Este asunto tan lamentable no queda allí. No podemos arremeter contra el equipo que lo elaboró. Ni a la política de Antena 3. Porque es síntoma de otras cosas, mucho más inquietantes; de los efectos perversos de masificación del pensamiento. En nombre al derecho a la información suprimimos el de los acusados. Ampararse en la libertad de expresión para explotar mediáticamente esa clase de “acontecimientos” es jugar con fuego. La política del derribo y linchamiento, la cobertura de lo anticonstitucional, ya adornan los pórticos de Telépolis, esa ciudad que describió Javier Echevarria en su libro del mismo nombre. Forman parte de la pérdida de identidad cultural. El acceso al conocimiento, tan sano para la democratización de la enseñanza, no se ha canalizado por los cauces adecuados; revirtiendo directamente en la pérdida de referencias en la última generación.

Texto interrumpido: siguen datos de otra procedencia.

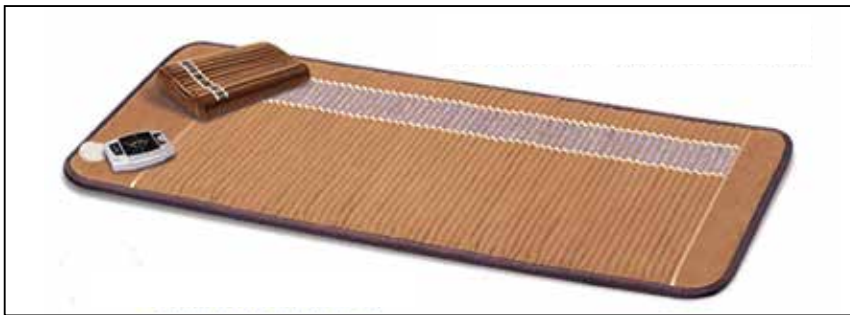
Figure 2 The amethyst BioMat and the Time/Temp control

No vamos a reivindicar leyes como las de Villar Palasí ni las maravillas de la “educación clásica” ni tampoco criticar a los nuevos adolescentes de hoy, que son en parte víctimas de una mala puesta en práctica de dos vectores que –indiscutiblemente- tienen que regir cualquier política educativa que merezca considerarse tal: el primero, el protagonismo del propio alumnado en su formación; el segundo, la democratización de la elección de unos contenidos. En Historia esto último entraña demasiadas dificultades. Una pregunta define el programa escolar: ¿para qué estudiar la asignatura? Muchos dirán para fomentar identidades para sentirse orgullosas de ellas. Particularmente, rechazo de pleno ese principio por inspirar un comportamiento “acrítico” ante la sociedad. Más bien la enseñanza de la historia debería servir para relacionarnos ante el paso del tiempo, para detectar la raíz de los problemas actuales y que derivan de un pasado cuyas claves deben ser descifradas sin intenciones tan maniqueas; de los escasos regalos que se ha hecho la humanidad así misma; sentir el peso de una trayectoria previa sobre nuestras espaldas y no repetir errores… La historia en su proceso de democratización ha ido incorporando individuos cuyas voces se habían apagado/ no escuchado de una forma u otra. ¿Cómo transmitir el rico abanico de posibilidades que ofrece cuando la suma de lo macro y lo micro no da como resultado una “Historia Total”? A mi juicio un alumno de bachillerato debe aprender antes cuestiones como el fin de la sociedad corporativa –que amenaza con reproducirse en plena globalización bajo otros rasgos- o el nacimiento de la secularización de la política en Westfalia –ahora que ciertos partidos de la oposición quieren formar gobiernos “como Díos manda”- que Las Navas de Tolosa o Los Compromisos de Caspe. Conocimientos que sirvan para adoptar una postura vital ante la sociedad, sea del signo que sea, en vez de nebulosas indefinidas que sólo pueden hacernos llevar al apoliticismo y al cultivo de nuevas formas de fascismo.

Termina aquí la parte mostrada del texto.